Good question. I have a Tribute to Reverso 1931 with a Casa Fagliano strap which I adore. Great looking and a very well made to last a long time. What interests me about your question is that I too have a Reverso Tribute Duo, love the watch but the blue alligator strap that it came with new has always seemed to be a bit lacking. CF has the capability to do what you're looking for, I'll be as interested in their answer as you.


----------



## Denizen (Jun 30, 2006)

I'm also curiously to see what they say. Keep us posted please!


----------



## bradfordcharles (Jul 24, 2014)

I don't know if they offer 19mm or not, but I put a 20mm CF on my 19mm lug Geophysic 1958 and it was no problem. A bit of a squeeze initially, but once it was on, it's been totally fine. The only downside is that once you compress the strap, there is no bringing it back to a 20mm lug watch. It'll definitely fit though.


----------



## SKX7s26 (Jan 7, 2018)

Just curious how I can buy a new Casa Fagliano strap? Do I need to e-mail them through their website? Thanks.


----------



## cfracing (Feb 21, 2015)

SKX7s26 said:


> Just curious how I can buy a new Casa Fagliano strap? Do I need to e-mail them through their website? Thanks.


Yes.


----------



## Portland (Dec 24, 2015)

Quick follow up. They did have 2 options in 19mm, one brown and one black. They were close outs from 2017 and were 25% off, not sure if they still have them though. For full price ($500) they'll make you one in 19mm in pretty much any one of their standard colors.

I went a different direction and ordered a custom strap from Dr. Spitz at 922Leather. Horween Shell Cordovan made to my specs and for 1/3 the price of a Fagliano. His straps are ridiculously high quality for the price.


----------



## Denizen (Jun 30, 2006)

Thanks for updating us. The strap looks fantastic. :-!

And you didn't have to wait too long for it either, which is a plus!

Do you have an URL and phone number for Dr. Spitz at 922Leather?

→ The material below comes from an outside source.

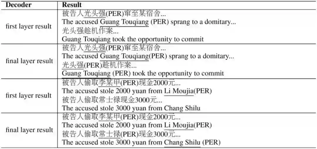 通过上面的操作,每一层都可以得到上一层识别出的实体的表示,除此之外,层与层之间没有其他必然的联系。将每一层单独来看,我们相当于得到了该文本中都有哪些是实体以及它们为什么是实体这类非常重要的先验知识。
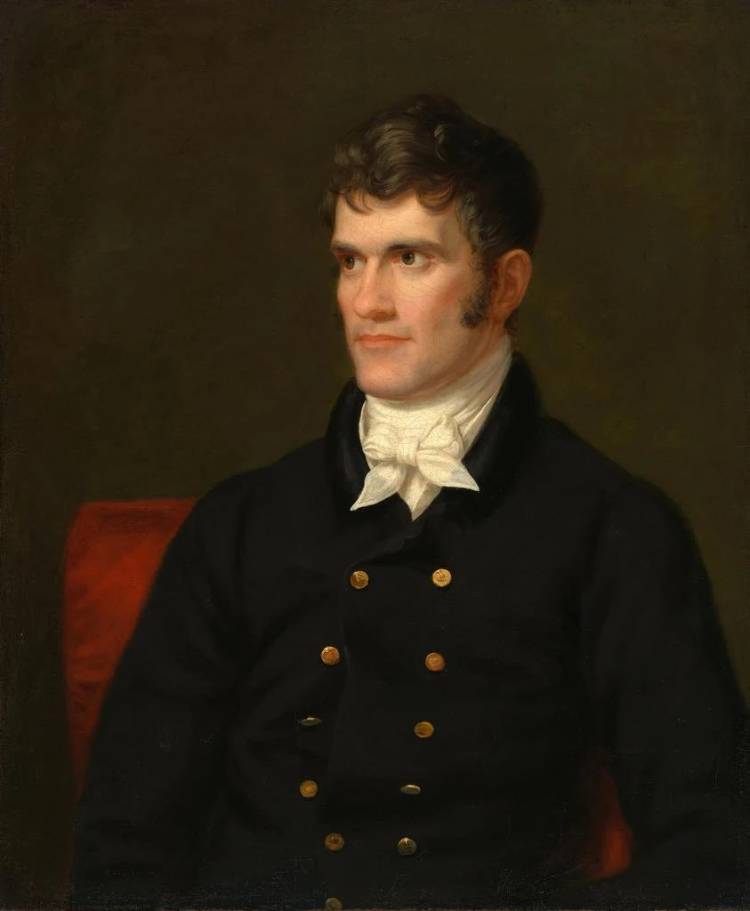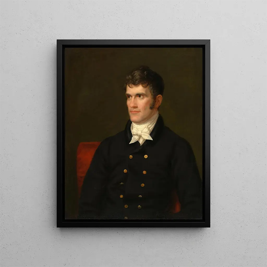 Reproduktion John C.. Calhoun - Charles Bird King – Einführung fesselnd Das Gemälde "John C. Calhoun" von Charles Bird King ist viel mehr als nur eine Darstellung eines Politikers. Es verkörpert eine Epoche, die von sozialen und politischen Spannungen geprägt ist, und bietet gleichzeitig einen intimen Einblick in die Persönlichkeit einer der umstrittensten Figuren der amerikanischen Geschichte. Dieses Porträt, das eine imposante Präsenz ausstrahlt, entführt uns in die Welt des frühen 19. Jahrhunderts, eine Zeit des Umbruchs und tiefgehender Reflexionen über nationale Identität und Staatsrechte. Durch dieses Werk lädt uns King ein, die Nuancen des öffentlichen und privaten Lebens von Calhoun zu erkunden, was dieses Bild für jeden, der sich für Geschichte und Kunst interessiert, unverzichtbar macht. Stil und Einzigartigkeit des Werks Der Stil von Charles Bird King zeichnet sich durch einen realistischen und detaillierten Ansatz aus, der nicht nur die physischen Merkmale seiner Subjekte hervorhebt, sondern auch deren Charakter und Wesenskern. In "John C. Calhoun" tragen die reichen Farben und zarten Schatten dazu bei, eine Atmosphäre von Würde und Ernsthaftigkeit zu schaffen. Der durchdringende Blick von Calhoun, der mit bemerkenswerter Präzision eingefangen wurde, scheint den Betrachter zu beobachten und stellt eine fast greifbare Verbindung zwischen Vergangenheit und Gegenwart her. King ist ein Meister darin, Emotionen durch die Malerei zu vermitteln, und dieses Werk bildet keine Ausnahme. Jedes Detail, vom sorgfältig dargestellten Kostüm bis zu den Hintergrundelementen, die den historischen Kontext andeuten, zeugt von technischer Meisterschaft und künstlerischer Sensibilität, die dieses Werk zu einem wahren Meisterwerk machen. Der Künstler und sein Einfluss Charles Bird King, geboren 1796, ist ein amerikanischer Künstler, dessen Werk die künstlerische Landschaft seiner Zeit tief geprägt hat. Er ist bekannt für seine Porträts politischer Persönlichkeiten und bedeutender Figuren, aber auch für seine Darstellungen der indigenen Völker Amerikas. King verstand es, den Geist seiner Epoche mit einer Sensibilität einzufangen, die über das einfache Porträt hinausgeht. Sein künstlerischer Ansatz, der Realismus und Empathie verbindet, ebnete den Weg für andere Künstler, die versuchten, nicht nur das äußere Erscheinungsbild, sondern auch die innere Komplexität ihrer Subjekte darzustellen. Beim Malen von John C.. Calhoun beschränkt sich King nicht nur darauf, einen Mann zu porträtieren; er verewigt eine Epoche, einen Kampf und eine Weltanschauung, die weiterhin nachwirken.

There's a strap I'm contemplating for another watch and they may be the one that I contact...should I land a certain watch. :think:


----------



## cfracing (Feb 21, 2015)

Your custom strap looks very nice. How thick did you have the strap made at the lugs?


----------



## Portland (Dec 24, 2015)

Denizen said:


> Thanks for updating us. The strap looks fantastic. :-!
> 
> And you didn't have to wait too long for it either, which is a plus!
> 
> ...


I couldn't believe the turnaround time. I on Sunday 01/28, he made it the next day and the strap shipped on Tuesday the 30th. It was on my wrist that Thursday. Insane turnaround time for ANY strap order much less a custom job.

You can contact him at: 
[email protected] or you can search for him on Instagram at "922Leather". I suggest looking at his Instagram page as he has tons of pics of various straps he's made.

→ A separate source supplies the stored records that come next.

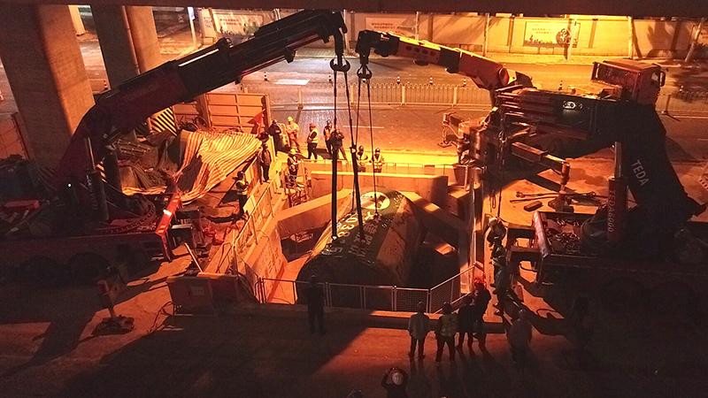 合肥轨道交通建设首次应用:低净空折臂吊车接力吊装技术
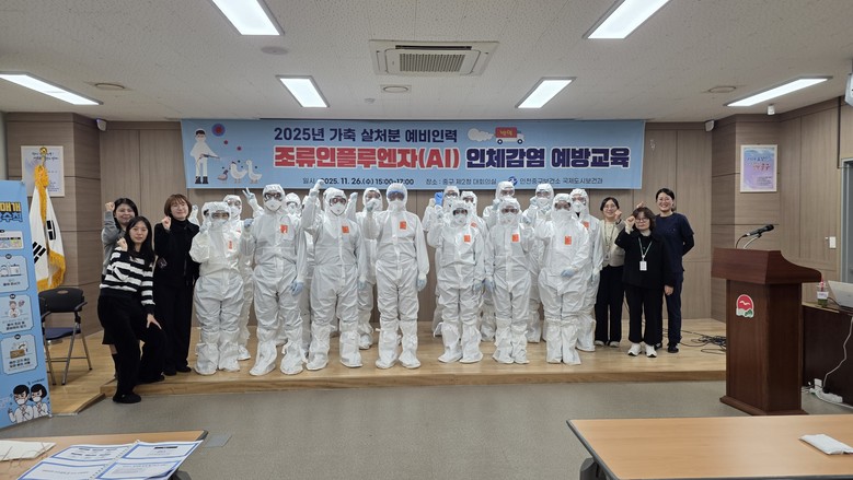 [중구 세계타임즈=심하린 기자] 인천 중구보건소(국제도시보건과)는 지난 26일 중구 제2청 대회의실에서 가축 살처분 예비 인력과 보건소 신속 대응요원을 대상으로 ‘조류인플루엔자(AI, Avian Influenza) 인체감염 예방 교육’을 실시했다.
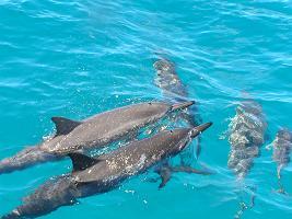 今日はダイビングをお休みしてイルカウォッチングに参加。乗船客には日本人も外国人と色々だが、定員20人の少人数の船を選んだ。ウエストショアーのコオリナ湾から船でイルカの居そうな場所に行く。適当に停泊して広い海にイルカがいないか参加者全員で目を皿にして探す。以外にもプロの船員ではなく乗船客の1人(日本人)が遠い所で見つける。すぐに船を走らせイルカへ目指す。他のウォッチング船が観てるのを発見!!邪魔をしないように、彼らが船に上がってから海でスノーケリング。しかし、フィンはつけない。今のシーズン出産時期の為、神経質になっているのとバシャバシャ追いかけてストレスを与えないよう、イルカが来るのをじっと待つ。するといきなり私の真下に!!他の乗船客が周りに居なかったのでナイスショットが撮れた。(自己満足)子供イルカがお母さんに寄り添って可愛い。もうそれだけで感動なのに、またやって来てくれた。 約20匹くらい。話によると今日はラッキーらしく、観れない事や、観てもすぐに居なくなるらしい。やっぱり日頃の行いかしらん。その後、ウミガメポイントでスノーケリング。ここでも海ガメが甲羅を魚にお掃除してもらってたので動かないからラッキー!全部で5匹もいました。大満足の1日。

Keep us posted if you order one!


----------



## Portland (Dec 24, 2015)

cfracing said:


> Your custom strap looks very nice. How thick did you have the strap made at the lugs?

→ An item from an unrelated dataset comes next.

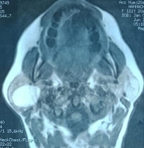 deep lobe. The lesion exhibited homogeneity and very high intensity on
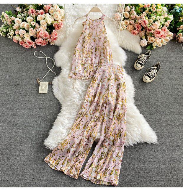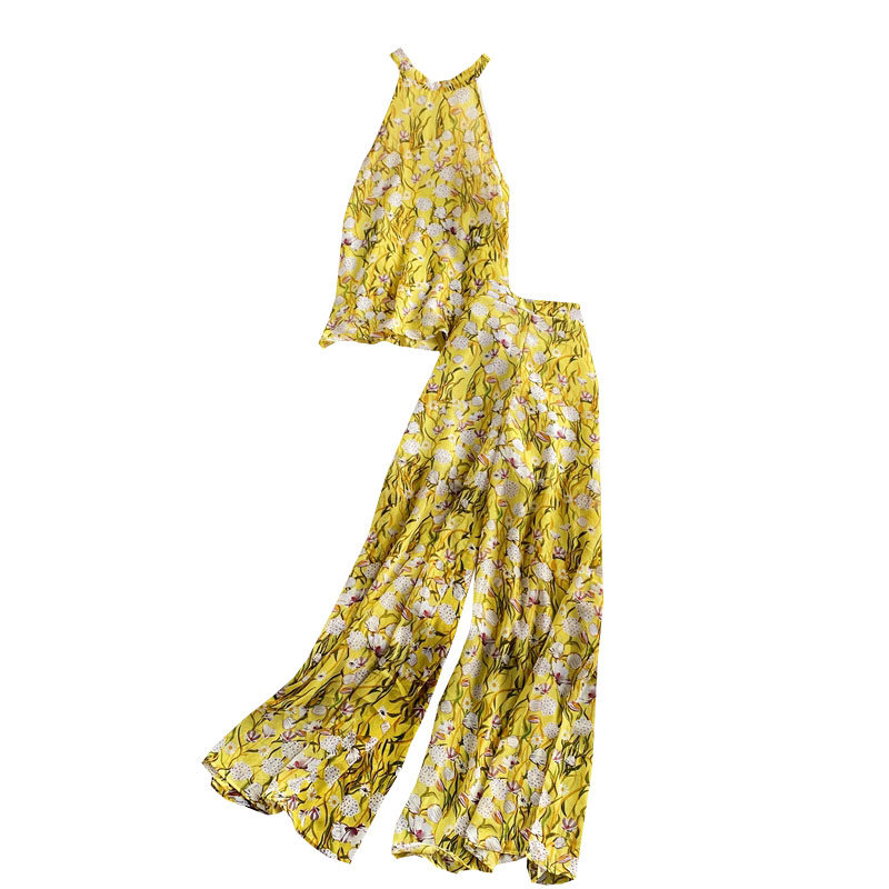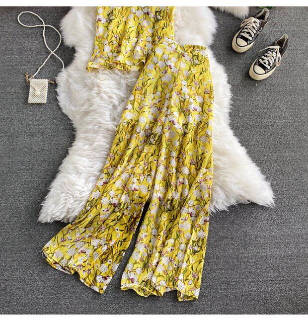 Модный шифоновый комплект, штаны, высокая талия

I haven't used my calipers yet to test the thickness but I would estimate between 3-4mm as that's what I asked for. As you can see in the pic below, he nailed he thickness. Any thinner and daylight would show between the strap and the case. Any thicker and it would rub. It's perfect.


----------



## Denizen (Jun 30, 2006)

Portland said:


> I couldn't believe the turnaround time. I on Sunday 01/28, he made it the next day and the strap shipped on Tuesday the 30th. It was on my wrist that Thursday. Insane turnaround time for ANY strap order much less a custom job.
> 
> You can contact him at:
> [email protected] or you can search for him on Instagram at "922Leather". I suggest looking at his Instagram page as he has tons of pics of various straps he's made.
> ...


Thanks!

I will keep him in mind if I land a certain watch. I'm gonna start out with a leather Zulu (as the watch is pretty big), but a bespoke leather strap on Horween leather would be very nce. ;-)


----------